Collection entries:

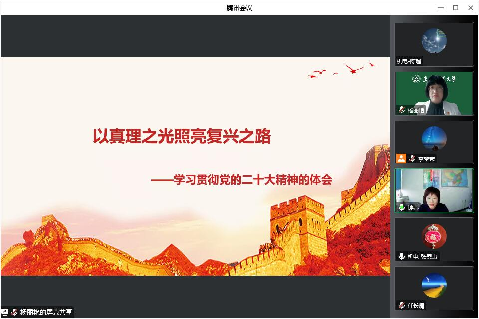 杨丽艳教授指出,党的二十大是我们走过了百年辉煌历程之后,在全党全国各族人民买上全面建设社会主义现代化国家新征程、向第二个百年奋斗目标进军的关键时刻召开的一次十分重要的大会,具有重要的意义。杨教授从全面把握党的二十大的主题和主要成果,全面领会党的二十大提出的新思想新论断、作出的新部署新要求,全面落实党的二十大精神做好教书育人工作三个方面做了全面的讲解。
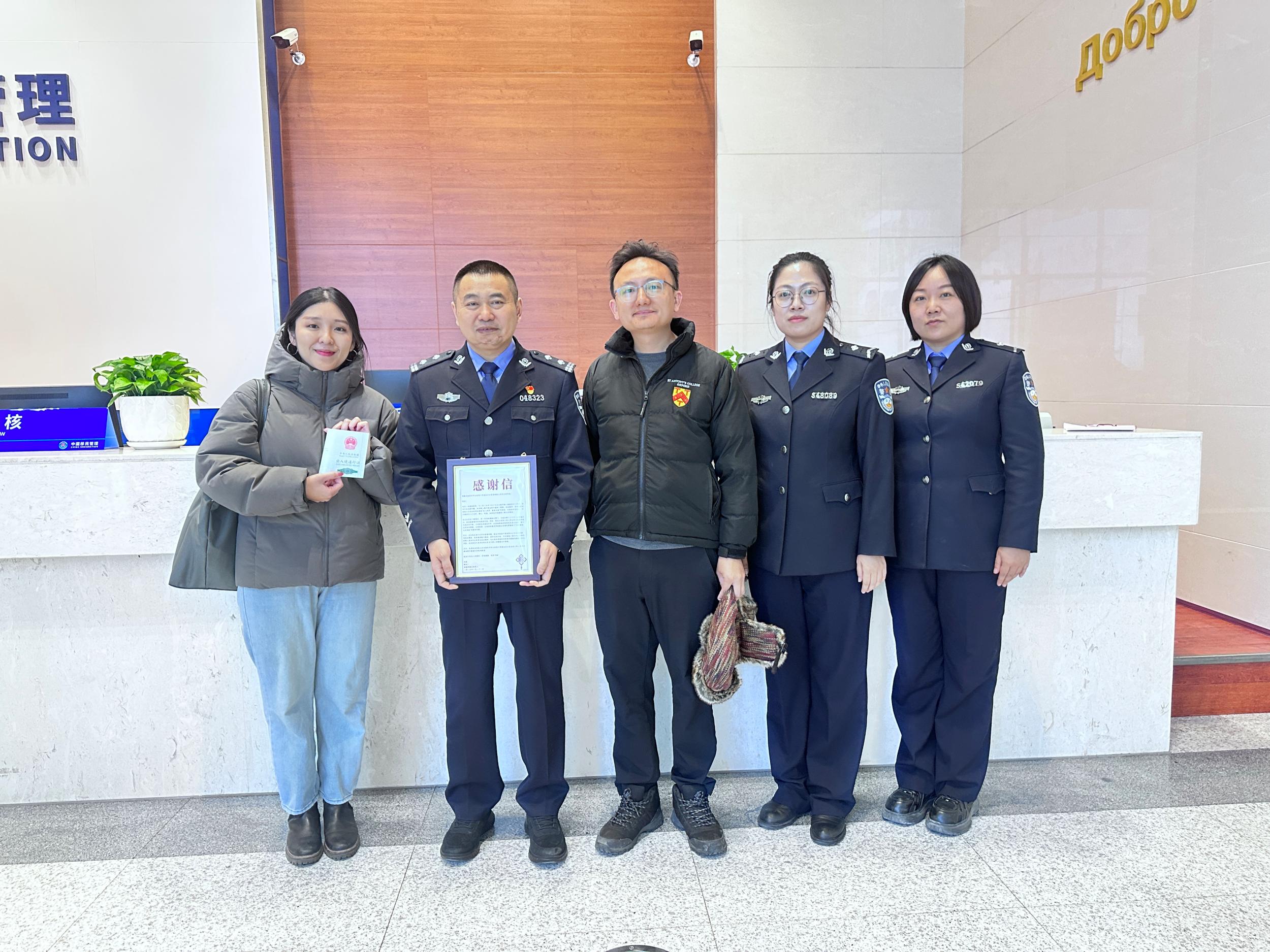 由于时间紧迫,姜国栋让民警郭千萌当天乘火车前往哈尔滨对接证件办理相关事宜。在省公安厅出入境管理部门的大力支持下,21日,郭千萌带着刚刚办理好的证件,返回绥芬河口岸。拿到证件吴女士非常高兴,并将一封精心制作的感谢信交到姜国栋手中。
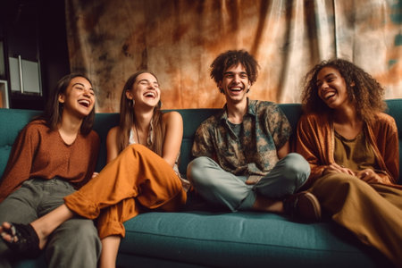 A group of young people laughing and laughing. AI generative image.
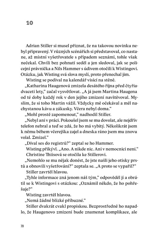 William Wisting jako každý rok přijíždí k domu Martina Haugena, odkud před čtyřiadvaceti lety beze stopy zmizela Haugenova manželka Katharina. Zůstal po ní jen papírek se záhadnými číslicemi a sbalený kufr. Případ se nikdy nepodařilo vyřešit – Katharina se nenašla živá ani mrtvá, Martin Haugen měl solidní alibi a ani jiné stopy nikam nevedly. Vztah mezi Wistingem a Haugenem se během dlouhého vyšetřování vyvinul v přátelství, a tak Wisting Haugena v den Katharinina zmizení vždycky navštěvuje. Jenže tentokrát nikdo neotevírá, dům je zamčený a Haugenův telefon mlčí. Téhož dne navštíví Wistinga na stanici mladší kolega, kriminalista Adrian Stiller z Kriposu, který má na starosti vyšetřování policejních pomníčků a přichází proto, že případ Kathariny Haugenové souvisí s jiným podivným zmizením. Přestože si oba vyšetřovatelé příliš nepadnou do oka, nezbývá jim než spolupracovat a pokusit se obě záhady vyřešit.
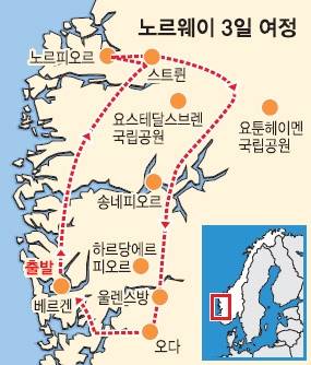 출발지는 베르겐이다. 피오르의 관문인 항구도시다. 원래는 옛 한자(Hansa)동맹 당시의 흔적이 여태 남은 상관(商館) 건물군(群) '브뤼겐'으로 이름을 알린 역사문화도시다. 최근엔 애니메이션 '겨울왕국'의 주무대로 더 유명해졌다. 영화 속 '아렌델 왕국'을 둘러싼 자연환경은 피오르, 엘사 공주 등 주인공들이 일상을 이어가던 도시의 실제 모델은 베르겐이었던 것으로 전해진다.

Goal of the exercise: Please copy the data above word for word, but only from the line that contains "William Wisting jako" through the final line, both included, and without the pictures.

Response below:
 William Wisting jako každý rok přijíždí k domu Martina Haugena, odkud před čtyřiadvaceti lety beze stopy zmizela Haugenova manželka Katharina. Zůstal po ní jen papírek se záhadnými číslicemi a sbalený kufr. Případ se nikdy nepodařilo vyřešit – Katharina se nenašla živá ani mrtvá, Martin Haugen měl solidní alibi a ani jiné stopy nikam nevedly. Vztah mezi Wistingem a Haugenem se během dlouhého vyšetřování vyvinul v přátelství, a tak Wisting Haugena v den Katharinina zmizení vždycky navštěvuje. Jenže tentokrát nikdo neotevírá, dům je zamčený a Haugenův telefon mlčí. Téhož dne navštíví Wistinga na stanici mladší kolega, kriminalista Adrian Stiller z Kriposu, který má na starosti vyšetřování policejních pomníčků a přichází proto, že případ Kathariny Haugenové souvisí s jiným podivným zmizením. Přestože si oba vyšetřovatelé příliš nepadnou do oka, nezbývá jim než spolupracovat a pokusit se obě záhady vyřešit.
 출발지는 베르겐이다. 피오르의 관문인 항구도시다. 원래는 옛 한자(Hansa)동맹 당시의 흔적이 여태 남은 상관(商館) 건물군(群) '브뤼겐'으로 이름을 알린 역사문화도시다. 최근엔 애니메이션 '겨울왕국'의 주무대로 더 유명해졌다. 영화 속 '아렌델 왕국'을 둘러싼 자연환경은 피오르, 엘사 공주 등 주인공들이 일상을 이어가던 도시의 실제 모델은 베르겐이었던 것으로 전해진다.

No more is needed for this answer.